IHS Markit/CIPS UK Manufacturing PMI®
- UK Manufacturing PMI at 56.3 (November: 58.2)
- Output, new orders and employment all rise at solid rates
- Input cost and output price inflation ease
The UK manufacturing sector ended 2017 on a positive note. Although December saw rates of expansion in output, new orders and employment slow from November’s highs, growth in all three remained solid and well above long-run trends.
The seasonally adjusted IHS Markit/CIPS Purchasing Managers’ Index® (PMI®) posted 56.3 in December, down from November’s 51-month high of 58.2. The headline PMI has now remained above the 50.0 no-change mark for 17 consecutive months. The average reading over the final quarter of 2017 (57.0) was the best since the second quarter of 2014.
Manufacturing output and new orders have both expanded throughout the past 17 months.Companies reported that production was scaled up in response to solid inflows of new work and the launch of new product lines.
Output growth accelerated in the intermediate and investment goods sectors, but slowed at producers of consumer goods. The strongest pace of expansion overall was registered in the intermediate goods category.
Part of the increase in new business at UK manufacturers reflected a solid increase in new export sales. Demand improved from clients in Europe, the USA, China and the Middle East.
Rising intakes of new work tested capacity, leading to a modest increase in outstanding business. These in turn encouraged companies to raise employment, with job creation registered for the seventeenth month in a row.
Investment goods producers reported a strong increase in staff levels. The expansion was solid in the intermediate category, but only slight in the consumer goods sector.
The rate of increase in input costs eased to a four month low in December, but remained marked overall. Companies linker higher costs to rising raw material prices, input shortages, suppliers raising their prices and the exchange rate. The cost of chemicals, electrical goods, electronics, metals, paper, plastics, timber and utilities were all reported as higher.
Part of the increase in purchase prices was passed on in the form of higher output charges in December. Selling prices rose for the twentieth successive month. Companies also linked the latest increase in charges to stronger demand.
UK manufacturers maintained a positive outlook in December, with close to 54% of companies reporting that they expect production to rise over the coming year. Positive sentiment reflected investment in capacity and machinery, expected growth in domestic demand and export sales, new product launches and efforts to increase market share.
Sources: IHS Markit, UK Office for National Statistics
Rob Dobson, Director at IHS Markit, which compiles the survey:
“UK manufacturing ended 2017 on a positive footing. Although growth of output and new orders moderated during December, rates of expansion remained comfortably above long-term trend rates. The sector has therefore broadly maintained its solid boost to broader economic expansion in the fourth quarter. The outlook is also reasonably bright, with over 50% of companies expecting production to be higher one year from now.

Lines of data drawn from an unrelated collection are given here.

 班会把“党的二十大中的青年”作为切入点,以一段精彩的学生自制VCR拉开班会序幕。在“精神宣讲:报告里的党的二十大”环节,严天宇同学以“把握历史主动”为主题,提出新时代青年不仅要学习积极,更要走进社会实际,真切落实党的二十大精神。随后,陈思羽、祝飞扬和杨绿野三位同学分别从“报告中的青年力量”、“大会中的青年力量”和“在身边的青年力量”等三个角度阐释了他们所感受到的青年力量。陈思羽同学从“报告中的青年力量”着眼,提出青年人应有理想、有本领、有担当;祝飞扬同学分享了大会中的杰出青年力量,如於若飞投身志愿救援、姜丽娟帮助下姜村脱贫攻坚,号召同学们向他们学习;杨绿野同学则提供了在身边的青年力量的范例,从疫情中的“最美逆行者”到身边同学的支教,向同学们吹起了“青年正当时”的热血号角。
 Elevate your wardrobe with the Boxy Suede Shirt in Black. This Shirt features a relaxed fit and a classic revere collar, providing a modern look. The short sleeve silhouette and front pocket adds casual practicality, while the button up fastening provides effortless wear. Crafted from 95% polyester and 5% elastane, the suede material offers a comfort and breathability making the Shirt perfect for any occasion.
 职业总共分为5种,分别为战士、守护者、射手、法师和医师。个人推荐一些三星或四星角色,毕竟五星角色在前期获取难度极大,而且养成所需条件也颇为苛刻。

“The main growth engines were the intermediate and investment goods sectors during December, suggesting resilient business-to-business demand and capital spending trends, albeit in part due to rising exports. Growth in the consumer goods sector remained weak in comparison and was the only sub-industry to see output expand at a slower pace than November.

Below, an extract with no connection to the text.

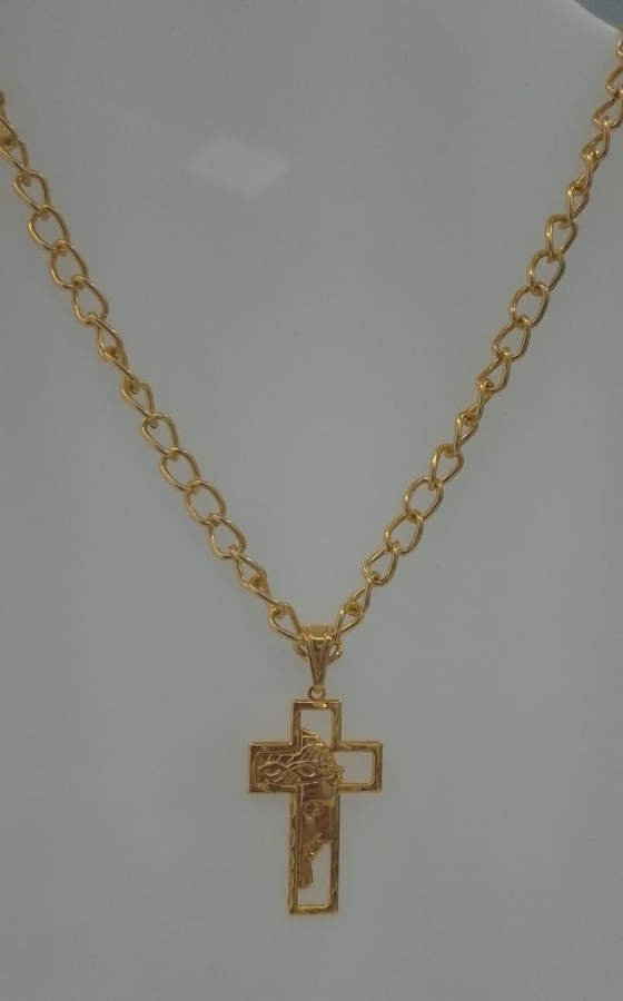 Colar unissex crucifixo banhado a ouro

“Rates of inflation in input costs and selling prices both moderated in December. Although still running at elevated levels, this at least provides signs that the recent surge in price inflation is starting to abate. This trend should continue at the start of 2018, as supply-chain pressures hopefully ease further.”
Duncan Brock, Director of Customer Relationships at the Chartered Institute of Procurement & Supply:
“Purchasing activity and new orders maintained a healthy momentum this month, as domestic orders kept pace with rising export requests from the US, Europe and the Middle East.

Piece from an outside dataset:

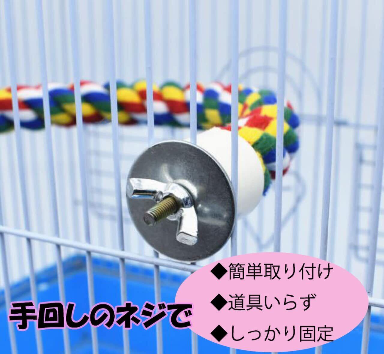 カラフルなカラーのロープは鳥かごの中を明るく華やかにしてくれます。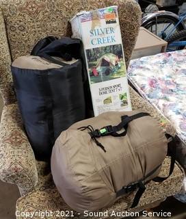 Lot #0386: 2 Sleeping Bags & 7x7ft 3 Person Dome Tent

“Supply chains paid the price of this success across all the sectors however, as suppliers were showing signs of strain under new and existing demand.
“Challenges over costs also remained, as input prices rose for the twentieth month in a row, partly as a result of shortages of some key materials and intense competition. But the sector was confident enough to offset these higher costs by raising its own prices as clients were demanding and business optimism was high.
“This self-assurance extended to continued jobs growth across all the sectors which will provide some relief to jobseekers in households still slightly hesitant about the future.
“The manufacturing sector’s performance is encouraging, showcasing a resilient response to the ebbs and flow of the year’s uncertainty with a sparkling end to a strong period of growth.”